* _Brief_:
With the pictures omitted, repeat exactly the lines below starting with the line that has "Here's your opportunity" and going on through the line that has "今年三月,2021年德国红点奖评选结果揭晓,6686体育网页登录公司自主研发设计产品65H miniLED TV".

* _Data for review_:
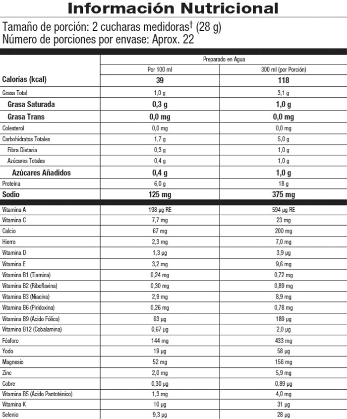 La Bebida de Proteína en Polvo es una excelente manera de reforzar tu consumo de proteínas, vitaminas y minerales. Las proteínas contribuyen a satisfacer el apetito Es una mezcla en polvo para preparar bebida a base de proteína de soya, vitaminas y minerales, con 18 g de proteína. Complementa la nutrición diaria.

* * *

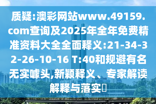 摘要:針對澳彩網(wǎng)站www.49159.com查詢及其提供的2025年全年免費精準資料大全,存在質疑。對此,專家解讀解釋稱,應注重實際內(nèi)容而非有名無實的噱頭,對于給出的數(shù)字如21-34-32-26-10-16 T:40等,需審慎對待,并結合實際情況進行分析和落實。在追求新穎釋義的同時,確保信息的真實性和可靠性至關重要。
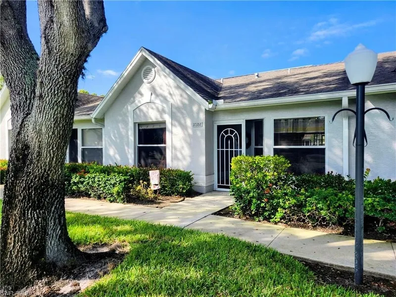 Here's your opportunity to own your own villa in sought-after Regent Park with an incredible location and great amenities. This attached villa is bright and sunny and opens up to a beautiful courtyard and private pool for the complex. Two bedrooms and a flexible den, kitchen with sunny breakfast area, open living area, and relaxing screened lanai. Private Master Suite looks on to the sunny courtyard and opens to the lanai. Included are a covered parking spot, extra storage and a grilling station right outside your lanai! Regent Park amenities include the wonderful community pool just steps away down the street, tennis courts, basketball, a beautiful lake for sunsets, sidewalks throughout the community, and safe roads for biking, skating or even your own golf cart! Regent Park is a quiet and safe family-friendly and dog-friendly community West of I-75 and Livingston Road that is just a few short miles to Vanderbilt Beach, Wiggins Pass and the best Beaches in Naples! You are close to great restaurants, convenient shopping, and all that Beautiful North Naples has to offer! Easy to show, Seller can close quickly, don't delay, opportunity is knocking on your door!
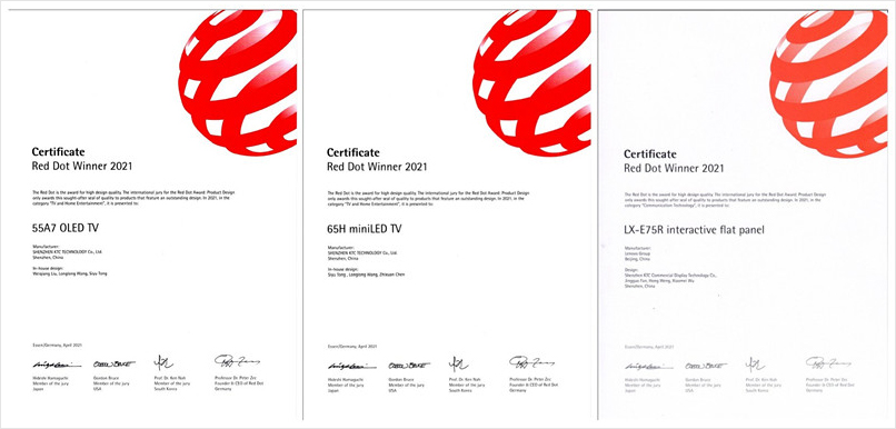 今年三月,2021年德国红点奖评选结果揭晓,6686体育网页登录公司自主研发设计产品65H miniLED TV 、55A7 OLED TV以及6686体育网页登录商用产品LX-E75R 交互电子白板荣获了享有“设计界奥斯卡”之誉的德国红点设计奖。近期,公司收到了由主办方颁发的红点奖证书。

==

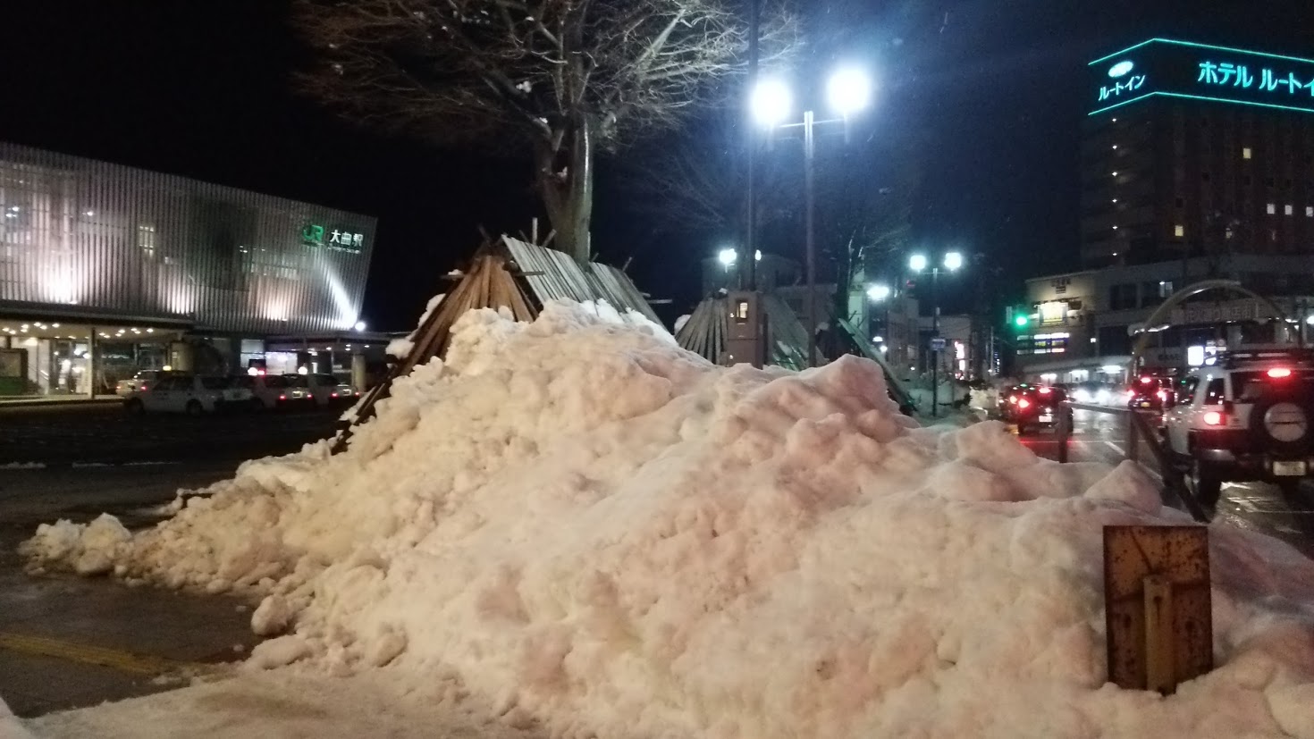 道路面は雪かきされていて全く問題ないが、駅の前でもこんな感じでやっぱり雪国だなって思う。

* _Solution_:
 Here's your opportunity to own your own villa in sought-after Regent Park with an incredible location and great amenities. This attached villa is bright and sunny and opens up to a beautiful courtyard and private pool for the complex. Two bedrooms and a flexible den, kitchen with sunny breakfast area, open living area, and relaxing screened lanai. Private Master Suite looks on to the sunny courtyard and opens to the lanai. Included are a covered parking spot, extra storage and a grilling station right outside your lanai! Regent Park amenities include the wonderful community pool just steps away down the street, tennis courts, basketball, a beautiful lake for sunsets, sidewalks throughout the community, and safe roads for biking, skating or even your own golf cart! Regent Park is a quiet and safe family-friendly and dog-friendly community West of I-75 and Livingston Road that is just a few short miles to Vanderbilt Beach, Wiggins Pass and the best Beaches in Naples! You are close to great restaurants, convenient shopping, and all that Beautiful North Naples has to offer! Easy to show, Seller can close quickly, don't delay, opportunity is knocking on your door!
 今年三月,2021年德国红点奖评选结果揭晓,6686体育网页登录公司自主研发设计产品65H miniLED TV 、55A7 OLED TV以及6686体育网页登录商用产品LX-E75R 交互电子白板荣获了享有“设计界奥斯卡”之誉的德国红点设计奖。近期,公司收到了由主办方颁发的红点奖证书。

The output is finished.